Re: Foo /: Plus[b_Foo] := b
- To: mathgroup at smc.vnet.net
- Subject: [mg114567] Re: Foo /: Plus[b_Foo] := b
- From: Andrzej Kozlowski <akoz at mimuw.edu.pl>
- Date: Wed, 8 Dec 2010 06:40:04 -0500 (EST)
First, there is no bug.
Second: this is all due to the Flat and OneIdentity attributes of Plus, or rather the effect these attributes have on pattern matching. You can show this in two ways. One, just remove the OneIdentity attribute of Plus and the behaviour will go away (but of course Plus will no be seriously deranged):
ClearAttributes[Plus, OneIdentity]
Foo /: Plus[b_Foo] :== b;
In[6]:== 1 + Foo[1]
Out[6]== Foo(1)+1
Alternatively, define a new function plus with both of these attributes:
SetAttributes[plus, {Flat, OneIdentity}]
Foo /: plus[b_Foo] :== b;
Now
plus[1, Foo[1]]
produces the same behaviour as you saw with Plus.
The best explanation I know appeared a long time ago on this forum and was
due to Allan Hayes. It is quite complex and I am not prepared to try to repeat it here. In any case, it should still be possible to find it in the archives. (It may perhaps also appear on other Mathematica related pages with or without attribution to Allan but it certainly was he who succeeded best in decoding this riddle).
The behaviour of these attributes is certainly not fully documented and probably will never be. Why?
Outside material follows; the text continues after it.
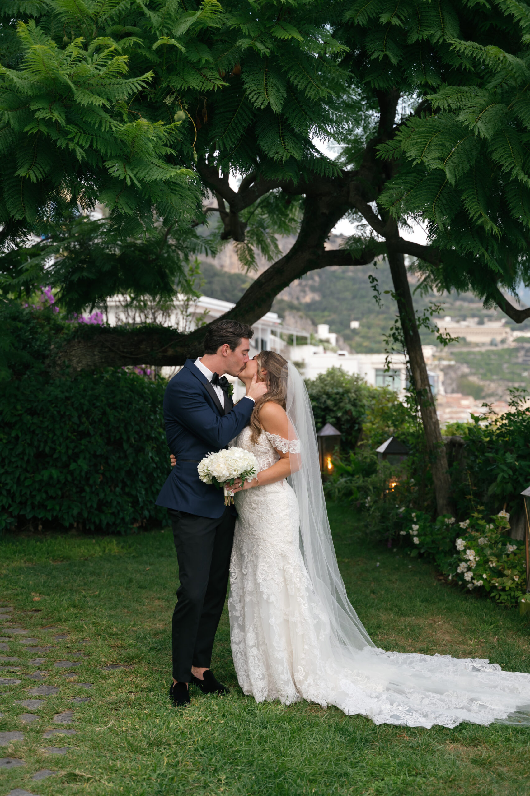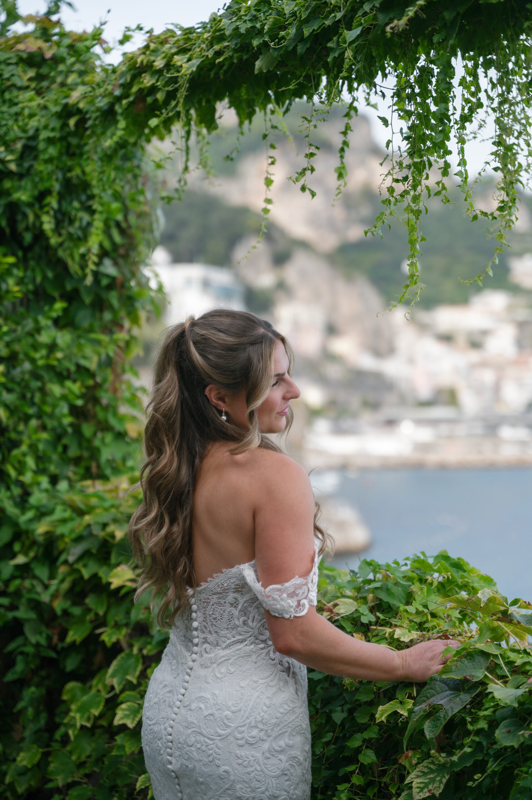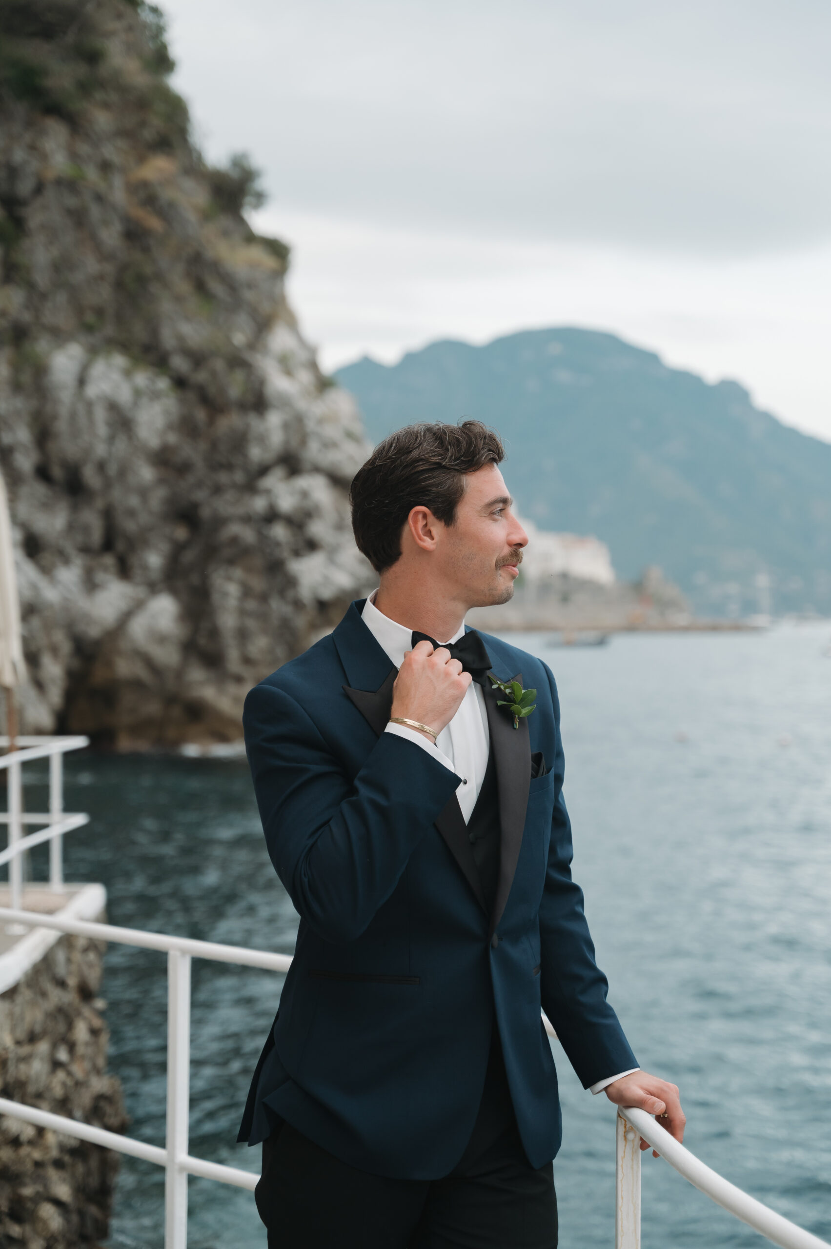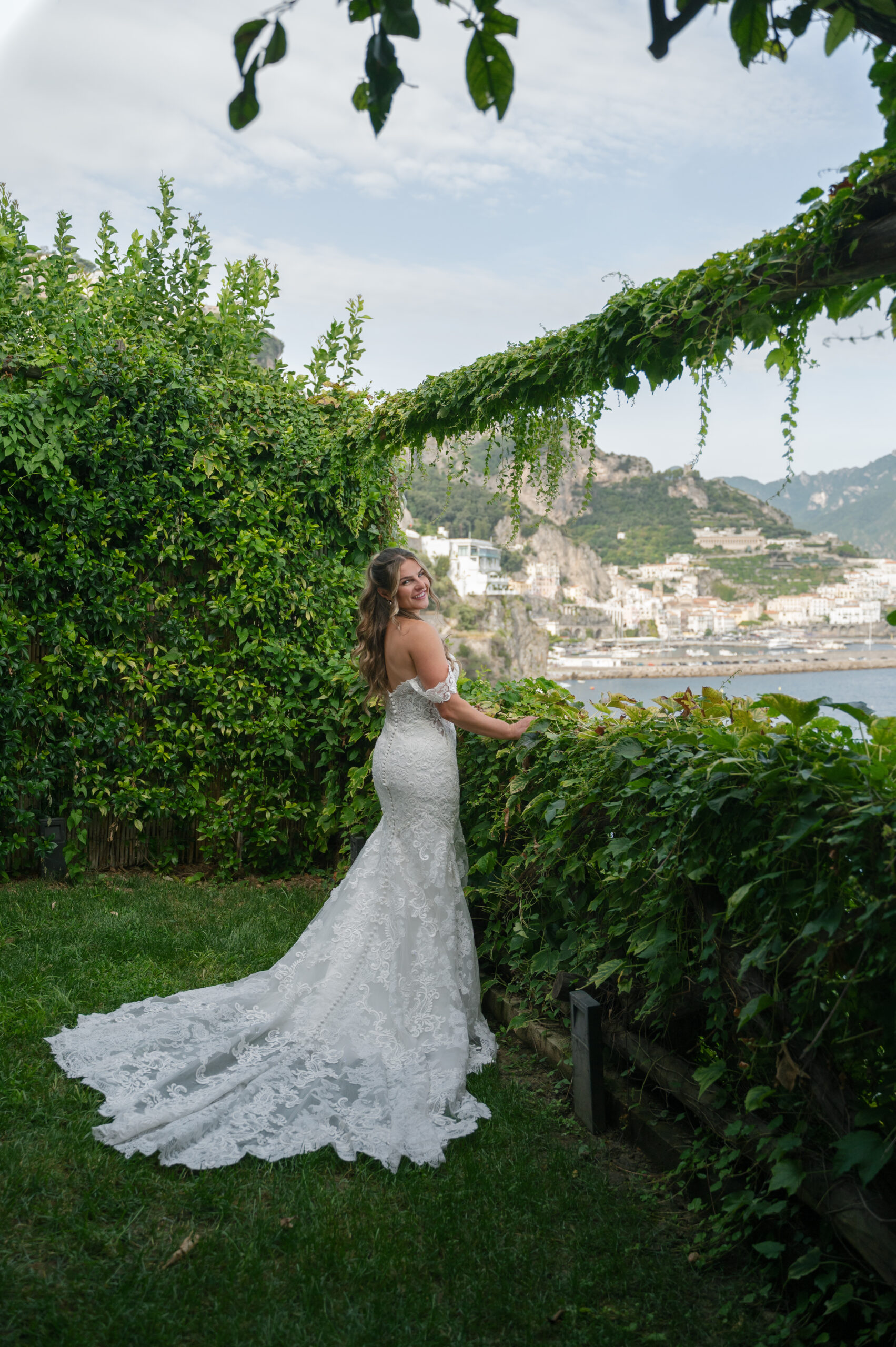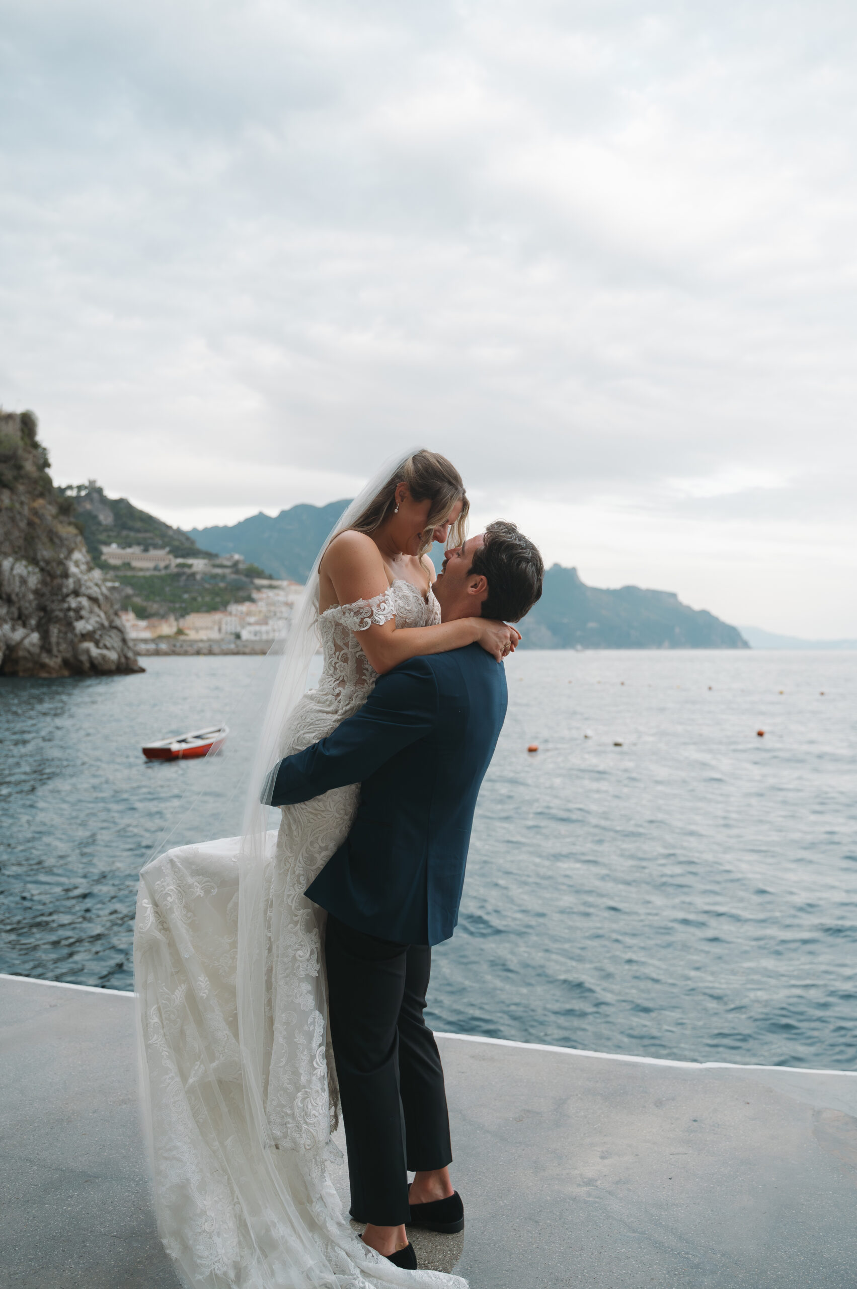 Their journey to Italy was not without obstacles – flight delays threatened to threaten their rhythm. But the team at Hotel Santa Caterina met them with kindness and grace, upgrading their room to a suite with a balcony that overlooked the sea. That room became “the moment before the moment”, the place where the dress’s lace breathed with sea air, where Mackenzie’s suit waited in soft light, where nerves and excitement softened into calm. Sometimes the universe repays hard journeys with unexpected gifts.

I guess it is because it belongs to the very foundations of the Mathematica language and I think there is nobody today at Wolfram who still thinks about such issues but this is, of course, just a guess. I think Allan's explanation will always remain as close as anyone will ever come to explaining this matter.
Andrzej Kozlowski
On 7 Dec 2010, at 12:46, kj wrote:
> An innocent-looking upvalue for a brand new symbol Foo:
>
> In[1]:== Foo /: Plus[b_Foo] :== b;
>
>
> Nothing shocking about this rule: it just recapitulates the default
> behavior of Plus when given a single argument. And it seems to
> work:
>
> In[2]:== Plus[Foo[1]]
> Out[2]== Foo[1]
>
>
> ...but disaster lurks just around the corner:
>
> In[3]:== 1 + Foo[1]
> During evaluation of In[3]:== $IterationLimit::itlim: Iteration limit of 4096 exceeded. >>
> Out[3]== Hold[1 + Foo[1]]
>
>
> I was expecting that 1 + Foo[1] would evaluate to itself, not an
> infinite loop.... So I examined a trace:
>
> In[4]:== ToString[
> StringForm["``",
> FullForm /@ Take[Quiet[Trace[1 + Foo[1]]], 10] // ColumnForm]]
>
> Out[4]== "HoldForm[Plus[1, Foo[1]]]
> HoldForm[Plus[1, Foo[1]]]
> HoldForm[Plus[1, Foo[1]]]
> HoldForm[Plus[1, Foo[1]]]
> HoldForm[Plus[1, Foo[1]]]
> HoldForm[Plus[1, Foo[1]]]
> HoldForm[Plus[1, Foo[1]]]
> HoldForm[Plus[1, Foo[1]]]
> HoldForm[Plus[1, Foo[1]]]
> HoldForm[Plus[1, Foo[1]]]"
>
>
>
>
> Judging from the trace, the evaluator is attempting to evaluate
> the same expression over and over. The evaluator is supposed to
> stop when it reaches a fixed point, and that looks like a fixed
> point if I ever saw one. (In fact, in this case, we started at
> the fixed point to begin with!) So either there's a very serious
> bug in the evaluator, or the documentation I read on the subject
> was wrong about how it's supposed to work. (FWIW, this is Mathematica
> 7.)
>
>
> Whatever it is that I'm doing wrong, it seems to me *very fundamental*.
> IOW, this does not look to me like some obscure corner case. If
> so, I can't understand how I could have missed it in all the reading
> I've done about Mathematica over the years. It's occurrences like
> this that fuel my *paranoia* about the Mathematica documentation.
>
> If someone can tell me 1) what I'm doing wrong above, and hopefully
> 2) how to fix it, I'd much appreciate it. Also, if you could point
> me to where in the documentation I would have learned the answers
> to these questions I'd be grateful.
>
> TIA!
>
> ~kj
>
>
>